Figure 4.
Detection of competitive binding with fluorescently labeled EC12.
(A) Schematic of competitive binding reactions between EC12 and Cry1Ab. Labeled EC1236C/44W (EC12 probe or probe) is depicted as a green “star” and, when not bound to Cry1Ab, appears as fluorescent bands at the bottom of a native gel (lanes 1 and 3). On the other hand, binding of the probe to Cry1Ab results in the formation of a protein complex shown as fluorescent bands at the top of a native gel (lanes 2 and 4). It is feasible that potential competitors (blue circles) could bind to Cry1Ab prior to the addition of the EC12 probe. As seen in Fig. 4A, two alternatives are possible. One alternative is that a competitor occupies the same binding site for the probe on the Cry1Ab toxin, preventing its binding to Cry1Ab (lane 3). The other alternative is that a protein may not be able to bind to Cry1Ab, thus allowing binding of the probe to the toxin (lane 4).
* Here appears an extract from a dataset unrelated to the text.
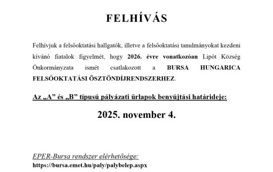 Felhívás Bursa Hungarica ösztöndíjpályázatra 2026

(B) A representative fluorescent image demonstrating the binding of EC12 probe to Cry1Ab. Lane 1 (P): 2 μM EC12 probe; Lanes 2 to 7: 2 μM EC12 probe incubated with 1, 2, 3, 4, 5 and 6 μM Cry1Ab, respectively. (C) Competition binding experiments to determine the binding specificity of EC12 to Cry1Ab toxin. A representative fluorescent image of indicated protein samples on a native gel is shown. In these reactions, unlabeled EC12 molecules and bovine serum albumin (BSA) with various molar ratios to the EC12 probe was incubated with Cry1Ab (500 nM) at room temperature first. The EC12 probe was later added to the reaction. Reaction samples were resolved on a native gel and fluorescent image was scanned. Lane 1 (P): EC12 probe; lane 2 (P/C): EC12 probe mixed with Cry1Ab; lanes 3–11: Cry1Ab was incubated with 4-, 8- and 16- fold of unlabeled EC1236C/44W (lanes 3–5), EC12WT (lanes 6–8), EC1244W (lanes 9–11) and BSA at 16- and 48-fold (lanes 12 and 13) followed by the addition of the EC12 probe. Arrows indicate unbound EC12 probe and Cry1Ab/EC12 complex.